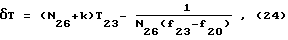 Величина погрешности измерения положения вала двигателя 1 и его угловой скорости может быть оценена, исходя из следующих соображений. Погрешность определения положения импульса делителя 26 возникает из-за дискретности его формирования. Ее величина определяется разностью периода этой частоты и его идеального значения, определяемого из (12). Разность этих величин находится из следующего выражения![]() где k – целое число импульсов датчика 20 за время Т26. Величина T, отнесенная к периоду идеального значения преобразованной частоты фотоимпульсного датчика, соответствующей определенному значению угла поворота вала двигателя 1, является относительной погрешностью ![]() преобразования его текущего положения, которая находится по выражению вида![]() Максимальное значение ![]() , найденное по (25), не превышает N26-1.
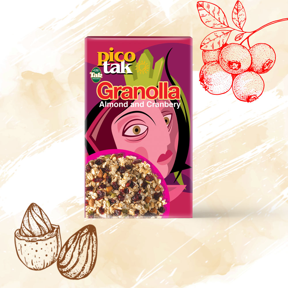 Ingredients: rolled oat, barley, almonds, pumpkin seeds, dried dates, dried coconut slices, cranberries, sesame, chia seeds, honey, vegetable oil (sesame, palm olein), vanilla, salt.
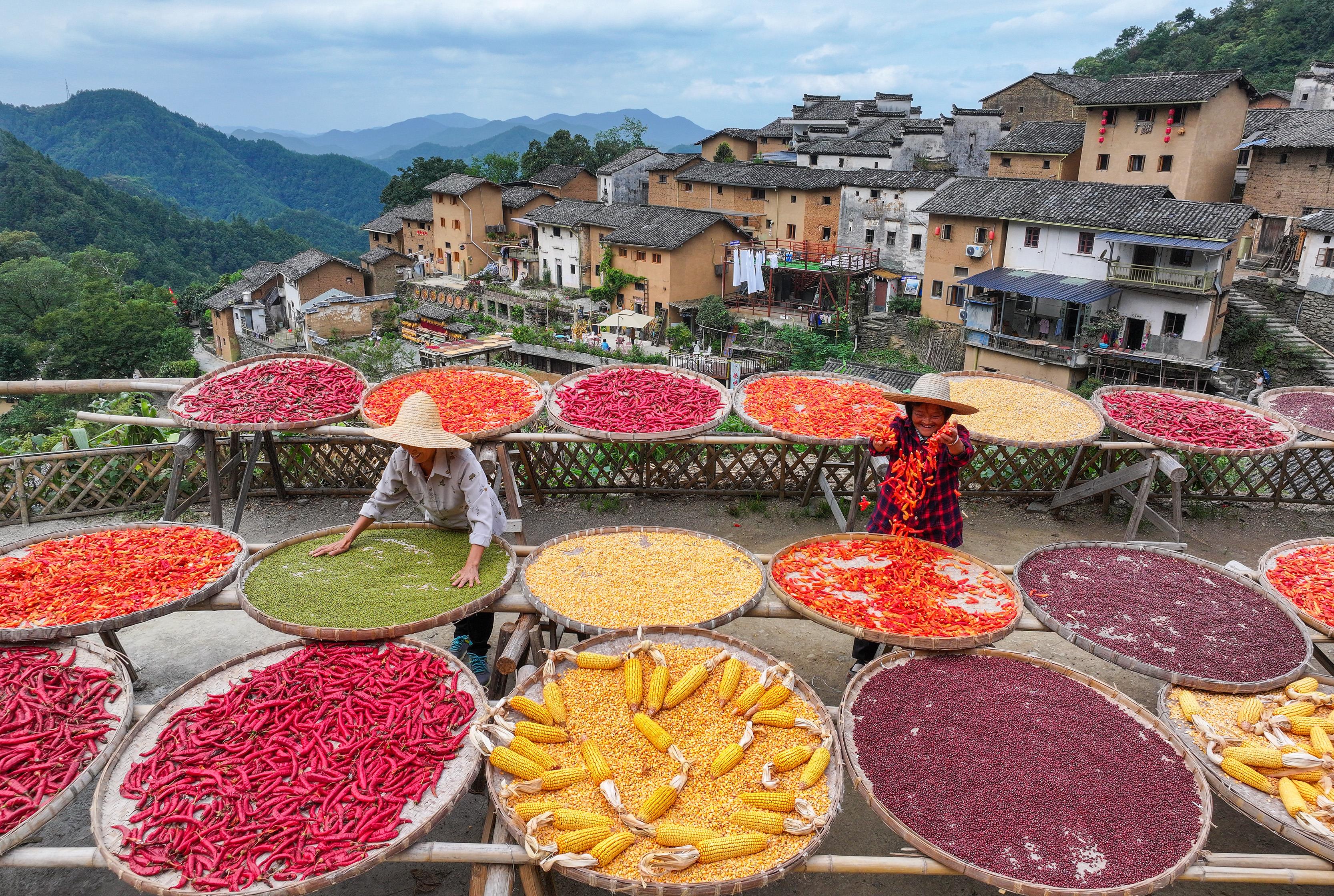 2024年9月22日,安徽省黃山市歙縣陽產(chǎn)村,村民正在土樓前晾曬農(nóng)作物。
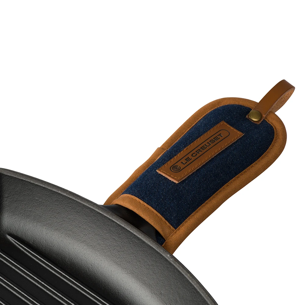 Der Griffüberzug ist unerlässlich beim Einsatz von Pfannen mit Gusseisengriff. Im Denim-Look aus Jeansstoff ist der Griffüberzug ein modisches Accessoire. Das Logo ist aus echtem Leder
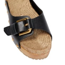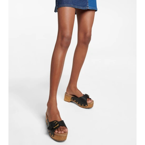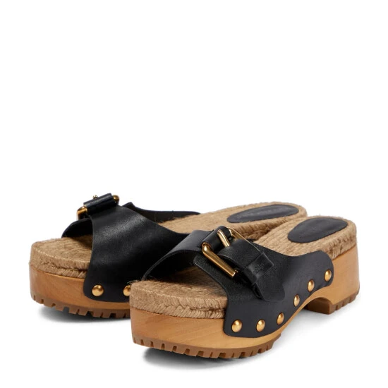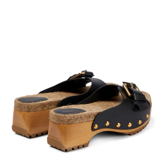 See By Chloé’s Joline clogs are a casual summer footwear choice with ’70s flair. This open-toed style features buckled leather uppers, gold-tone studs and typical wooden platform soles.
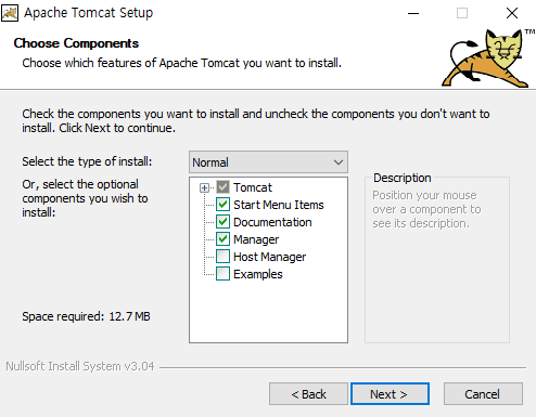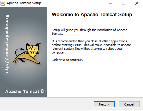 다운로드가 진행되고 설치가 완료되면 오른쪽 Apache Tomcat setup 화면이 나옵니다
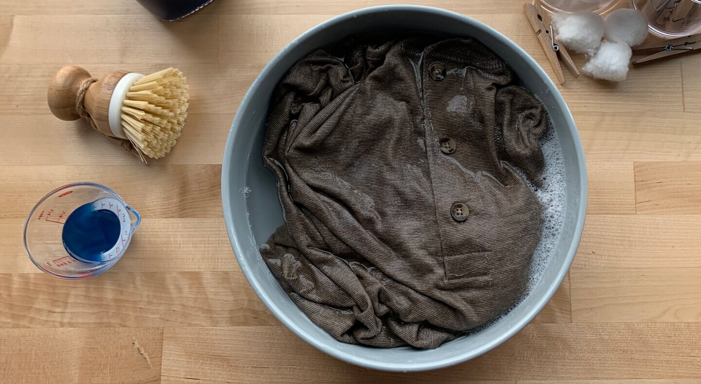 Fill your sink or a large bowl with cold water and add some detergent. Use enzyme detergent for polyester, nylon or spandex and gentle detergent for wool, silk, linen, rayon or acrylic garments. As always, check your garment labels to be sure. Let the fabric soak for at least 30 minutes. You can extend the soaking time if the stain is older or more stubborn.
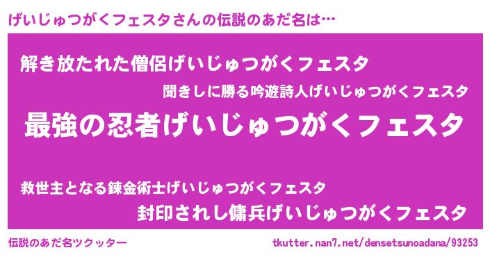 | 意味不明あだ名 | 『げいじゅつがくフェスタフォーエバー』 |
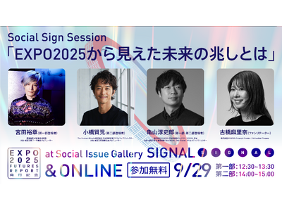 株式会社SIGNING(サイニング、本社:東京都港区、代表取締役社長:牧 貴洋、以下SIGNING)は、2025年大阪・関西万博のテーマ事業プロデューサー 宮田 裕章氏と催事企画プロデューサー 小橋賢児氏をお招きし、万博から未来社会への道筋を探る特別トークセッションを開催いたします。「いのち輝く未来社会のデザイン」をテーマに、184日間にわたって夢洲で開催されている大阪・関西万博。そこから見えた未来の兆しを、万博主催者催事 One World,One Planet. でクリエイティブディレクターを務める亀山淳史郎がホストとなって万博プロデューサーのお二人と議論し、ここでしか聞けないトークセッションをお届けします。
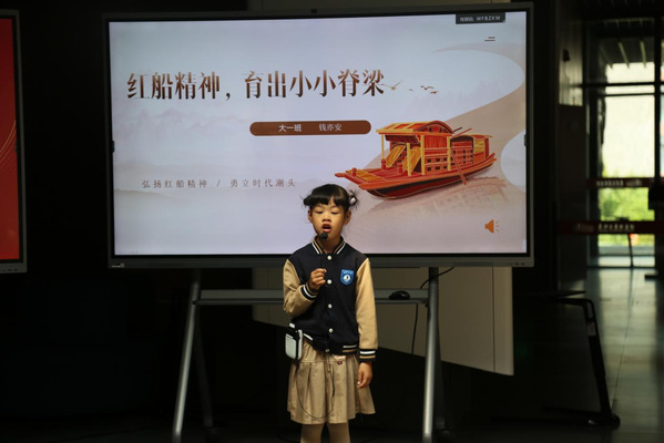 随后,园长妈妈在表达诚挚谢意的同时,对孩子们寄予殷切期望。她希望孩子们在参观图书馆的过程中浸润书香,汲取精神养分;在红色故事分享与亲子演绎中,用声音与情感回溯历史英雄人物;通过亲手搭建红船模型,在实践体验中领悟“红船精神”的深刻内涵,让红色基因在亲子协作中薪火相传。
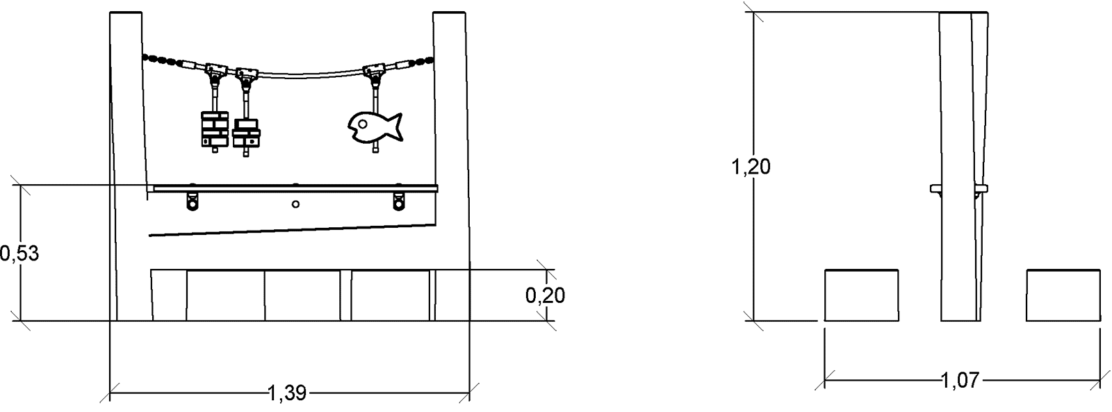 Rozmery modulu sú: 1,39 m dĺžka, šírka 1,07 m, výška 1,20 m. Výška voľného pádu (HCL) je 0,60 metrov.
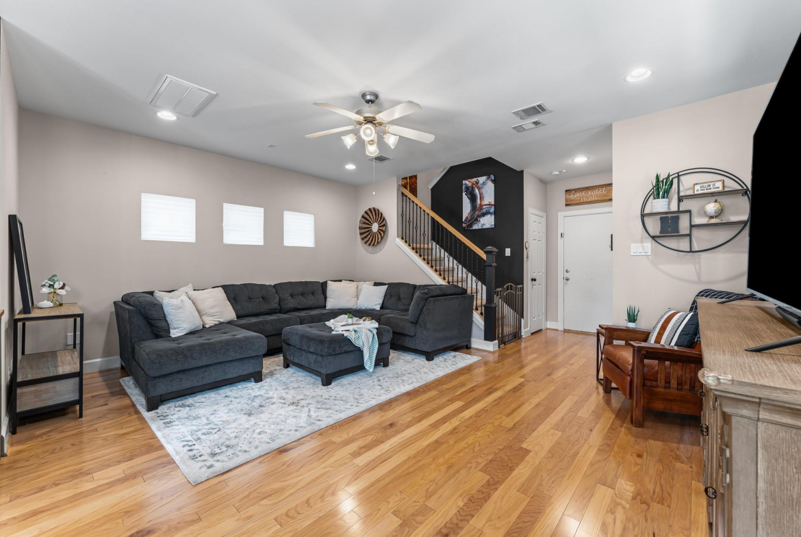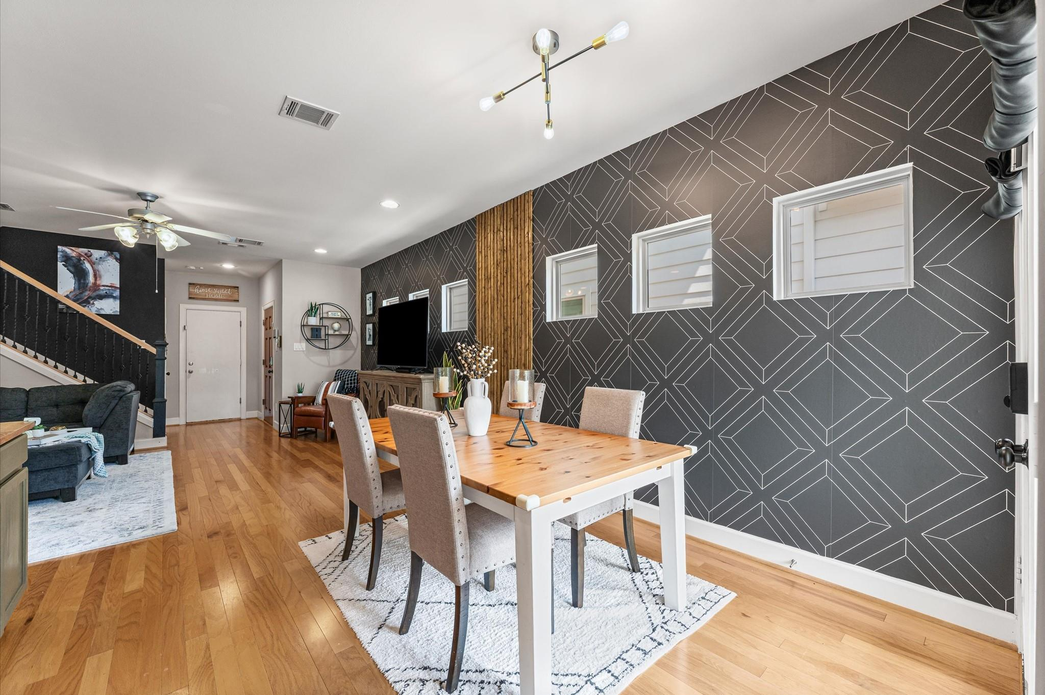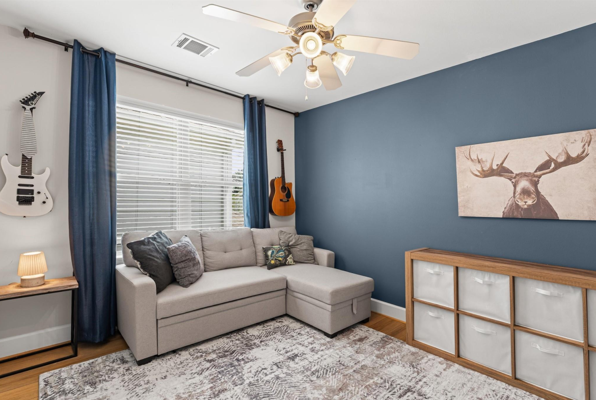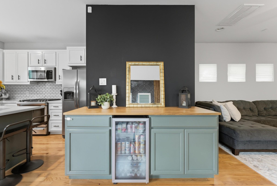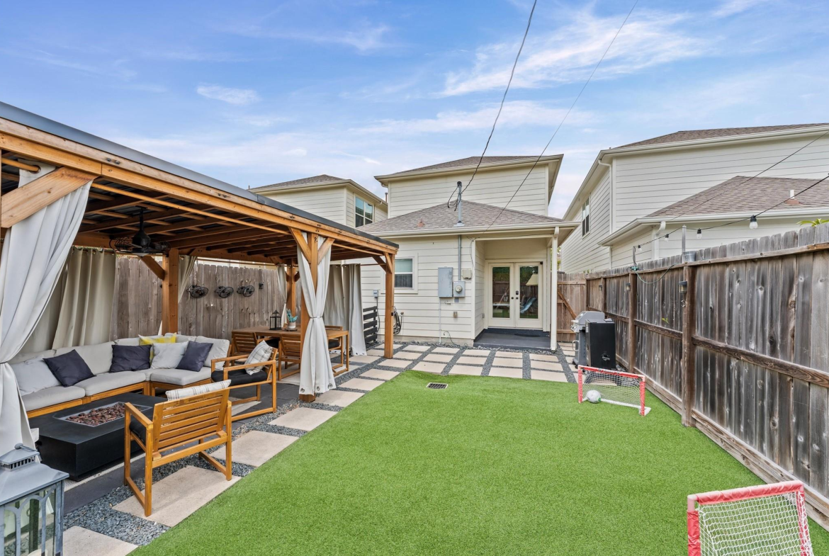 Step into a well-designed home where wood floors flow seamlessly through an open floor plan, creating a warm and welcoming atmosphere. The stylish kitchen is a true centerpiece, featuring a large island, subway tile backsplash, under-cabinet lighting, and a breakfast room that opens to a relaxing living space. Entertaining is effortless with a built-in bar complete with a wine fridge and a convenient half bath nearby. Head upstairs to the primary suite that rests beneath a vaulted ceiling. It offers a spa-like bath with a dual-sink vanity, an oversized tiled shower, and a spacious walk-in closet. Secondary bedrooms are generously sized, each with large walk-in closets, and share a hall bath. A well-planned utility room with counter space and built-in cabinets adds everyday convenience. Outdoors, enjoy year-round living with a large covered patio, artificial turf for low-maintenance beauty, and a climate-controlled outdoor office with its own porch. Working from home never felt better!

+ + + +

● Activity
After removing the pictures, restate the whole listing above word for word.

● The completed task
 Величина погрешности измерения положения вала двигателя 1 и его угловой скорости может быть оценена, исходя из следующих соображений. Погрешность определения положения импульса делителя 26 возникает из-за дискретности его формирования. Ее величина определяется разностью периода этой частоты и его идеального значения, определяемого из (12). Разность этих величин находится из следующего выражения![]() где k – целое число импульсов датчика 20 за время Т26. Величина T, отнесенная к периоду идеального значения преобразованной частоты фотоимпульсного датчика, соответствующей определенному значению угла поворота вала двигателя 1, является относительной погрешностью ![]() преобразования его текущего положения, которая находится по выражению вида![]() Максимальное значение ![]() , найденное по (25), не превышает N26-1.
 Ingredients: rolled oat, barley, almonds, pumpkin seeds, dried dates, dried coconut slices, cranberries, sesame, chia seeds, honey, vegetable oil (sesame, palm olein), vanilla, salt.
 2024年9月22日,安徽省黃山市歙縣陽產(chǎn)村,村民正在土樓前晾曬農(nóng)作物。
 Der Griffüberzug ist unerlässlich beim Einsatz von Pfannen mit Gusseisengriff. Im Denim-Look aus Jeansstoff ist der Griffüberzug ein modisches Accessoire. Das Logo ist aus echtem Leder
 See By Chloé’s Joline clogs are a casual summer footwear choice with ’70s flair. This open-toed style features buckled leather uppers, gold-tone studs and typical wooden platform soles.
 다운로드가 진행되고 설치가 완료되면 오른쪽 Apache Tomcat setup 화면이 나옵니다
 Fill your sink or a large bowl with cold water and add some detergent. Use enzyme detergent for polyester, nylon or spandex and gentle detergent for wool, silk, linen, rayon or acrylic garments. As always, check your garment labels to be sure. Let the fabric soak for at least 30 minutes. You can extend the soaking time if the stain is older or more stubborn.
 | 意味不明あだ名 | 『げいじゅつがくフェスタフォーエバー』 |
 株式会社SIGNING(サイニング、本社:東京都港区、代表取締役社長:牧 貴洋、以下SIGNING)は、2025年大阪・関西万博のテーマ事業プロデューサー 宮田 裕章氏と催事企画プロデューサー 小橋賢児氏をお招きし、万博から未来社会への道筋を探る特別トークセッションを開催いたします。「いのち輝く未来社会のデザイン」をテーマに、184日間にわたって夢洲で開催されている大阪・関西万博。そこから見えた未来の兆しを、万博主催者催事 One World,One Planet. でクリエイティブディレクターを務める亀山淳史郎がホストとなって万博プロデューサーのお二人と議論し、ここでしか聞けないトークセッションをお届けします。
 随后,园长妈妈在表达诚挚谢意的同时,对孩子们寄予殷切期望。她希望孩子们在参观图书馆的过程中浸润书香,汲取精神养分;在红色故事分享与亲子演绎中,用声音与情感回溯历史英雄人物;通过亲手搭建红船模型,在实践体验中领悟“红船精神”的深刻内涵,让红色基因在亲子协作中薪火相传。
 Rozmery modulu sú: 1,39 m dĺžka, šírka 1,07 m, výška 1,20 m. Výška voľného pádu (HCL) je 0,60 metrov.
 Step into a well-designed home where wood floors flow seamlessly through an open floor plan, creating a warm and welcoming atmosphere. The stylish kitchen is a true centerpiece, featuring a large island, subway tile backsplash, under-cabinet lighting, and a breakfast room that opens to a relaxing living space. Entertaining is effortless with a built-in bar complete with a wine fridge and a convenient half bath nearby. Head upstairs to the primary suite that rests beneath a vaulted ceiling. It offers a spa-like bath with a dual-sink vanity, an oversized tiled shower, and a spacious walk-in closet. Secondary bedrooms are generously sized, each with large walk-in closets, and share a hall bath. A well-planned utility room with counter space and built-in cabinets adds everyday convenience. Outdoors, enjoy year-round living with a large covered patio, artificial turf for low-maintenance beauty, and a climate-controlled outdoor office with its own porch. Working from home never felt better!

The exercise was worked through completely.